Во второй около двух, когда все уже спали.
«ИСПУГАЛАСЬ ДЕВОЧКА ИЛИ РУКИ ПАЧКАТЬ НЕ ХОЧЕШЬ»
Девчонки в комнате, разбуженные и злые спросонья, велели сейчас же написать тебе. Я нацарапала: «Все нормально. Жду. Тебя надо побить за глупые мысли» — и отдала почтальону.
Впрочем, девчонкам это не помогло. Часам к четырем пришел ответ:
«БИТЬ НАДО ТЕБЯ 8 БУДУ МОСКВЕ»
И как завершающий штрих в пять утра:
«СМОЖЕШЬ ВСТРЕТЬ ПАВЕЛЕЦКИЙ 8 ПОЕЗД 243 ВАГОН 13»
Целую ночь по всей Москве мела метель, и мне казалось, что она точно так же метет в твоем Тамбове, и весь в снегу ты мотаешься по этой бескрайней метели и посылаешь мне телеграммы. Я почти видела это. И не было расстояния между нами.
Мы не виделись полгода, и февральским, в ломких лужицах и снежных зарядах, утром я встречала тебя на Павелецком вокзале.

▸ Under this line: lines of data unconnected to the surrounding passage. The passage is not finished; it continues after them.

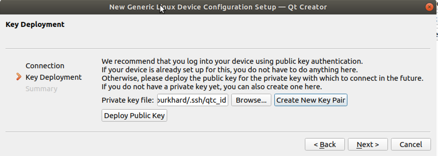 $ ~/Qt/Qt5.14.0/Tools/QtCreator/bin/qtcreator &Accessing the Target Device via SSH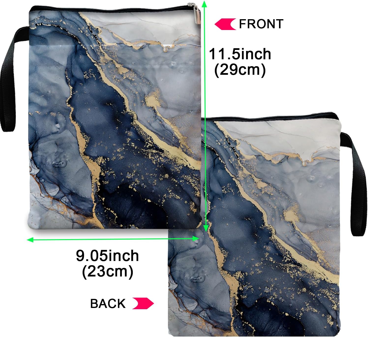 Book Sleeve Book Sleeve for Book Lovers Book Protector Bookish Gifts Book Cover with Zipper for Paperback Washable Bookcover for Teen Adult Teacher Gifts(Golden Cyan Marble)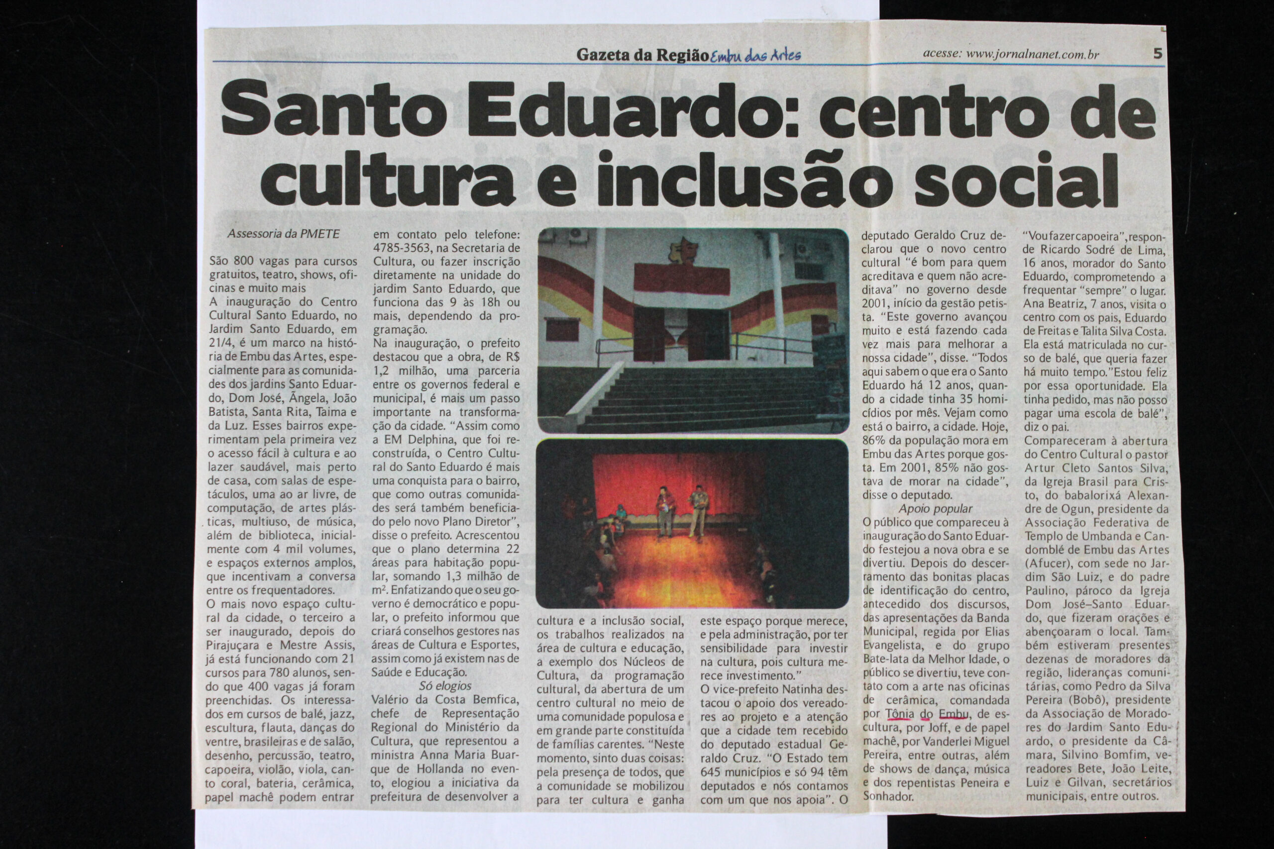 Gazeta da Região Embu das Artes, data não identificada, reportagem “Santo Eduardo: centro de cultura e inclusão social”. Inauguração do Centro Cultural.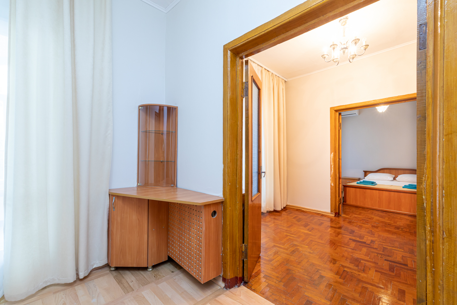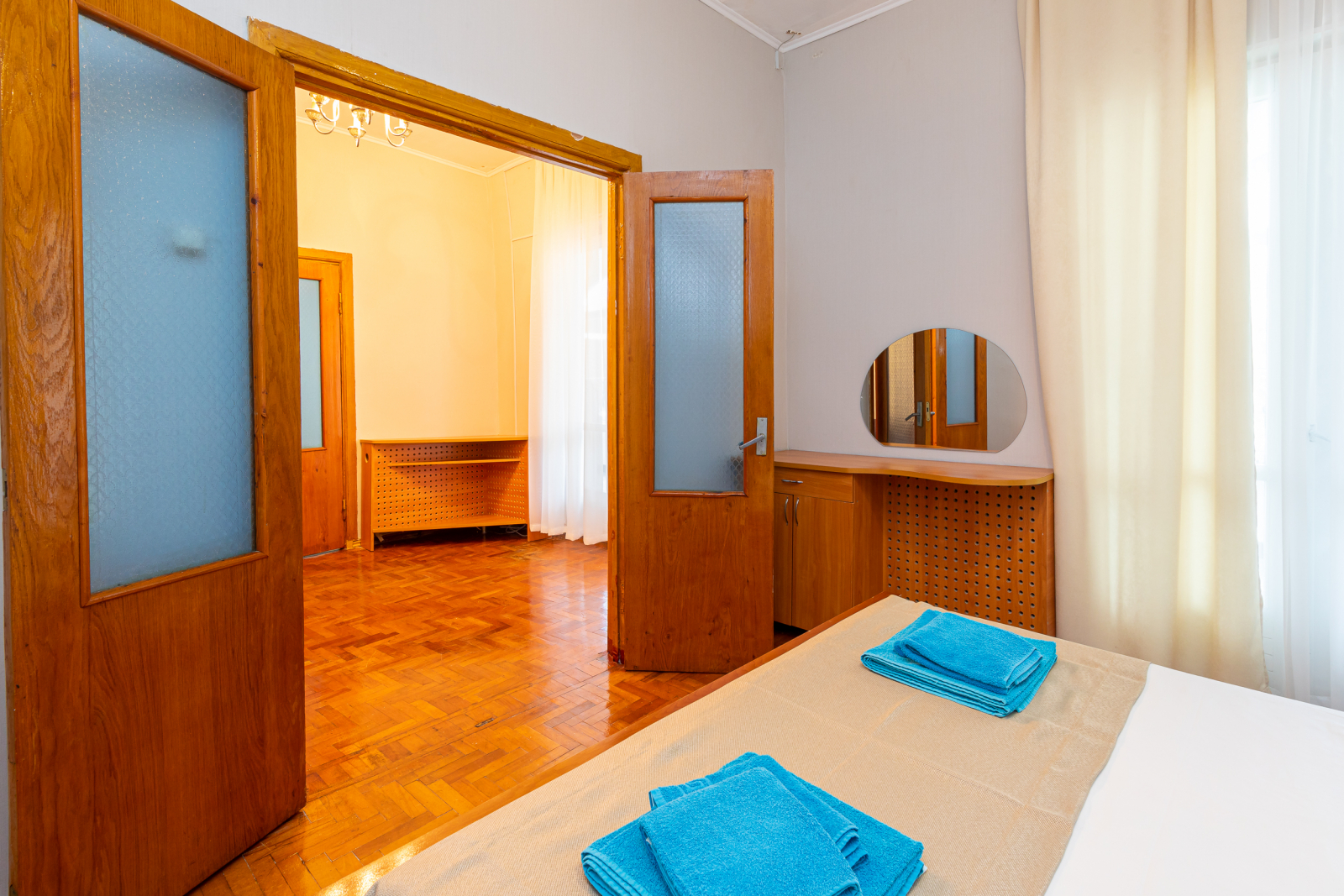 4 осн. места. 1 доп. место. Балкон. Мебель: вешалка, диван раскладной, зеркало, кровать двуспальная, прикроватные тумбочки, стол, тумба, шкаф. Оборудование: кондиционер, телевизор, холодильник. Санузел: с душем, туалетные принадлежности. Сервис: Wi-Fi бесплатно, смена полотенец, смена постельного белья, уборка номера.

Напротив места, где останавливался твой поезд, торчала на перроне будка Я спряталась за ней, словно оставила себе лазейку, чтобы сбежать. Как будто я могла это сделать!
Шипя и погромыхивая, подошел поезд. Еще из тамбура ты оглядел перрон, не нашел меня, потемнел лицом, остановился у вагона, бросил этюдник и сумку на асфальт, стал закуривать. Я от будки увидела, как нервно вздрагивают у тебя пальцы и, уже ни о чем не думая, кинулась к тебе.
Итак, все начиналось заново.
«Плащи в грязь перед прекрасными дамами», — это ты мне говорил, подхватывал на руки и переносил через улицу, что после дождя была сплошной лужей.
Это был уже апрель, один из твоих приездов ко мне. Мокрая Москва, кафе «Дружба» на Кузнецком мосту, счастье.
Как-то знакомый художник, побывав за границей и заходясь в восторге по цивилизованному Западу, обронил:
— Это вам не наше убожество и нищенская жизнь!
Но если это так, куда девать шершавый сырой ветер, будто стоишь уткнувшись в пальто любимого, родного человека? Куда мне девать московскую весну, по какой мы шатались почти сутками: от поезда до поезда; театр Сатиры, где не досиживали до конца действия, потому что выдуманные переживания героев на яркой сцене были блеклыми рядом с нашими, настоящими. И текло Садовое кольцо огнями машин, и фонарными блестками за перекрестьем веток мерцали неизвестные переулки. И над всем горчащий, тревожный запах просыпавшейся зелени, что пробивался сквозь запах бензина, краски, гастрономов, сквозь все городские запахи. И невозможность оторваться друг от друга на пустынном ночном перроне Белорусского вокзала.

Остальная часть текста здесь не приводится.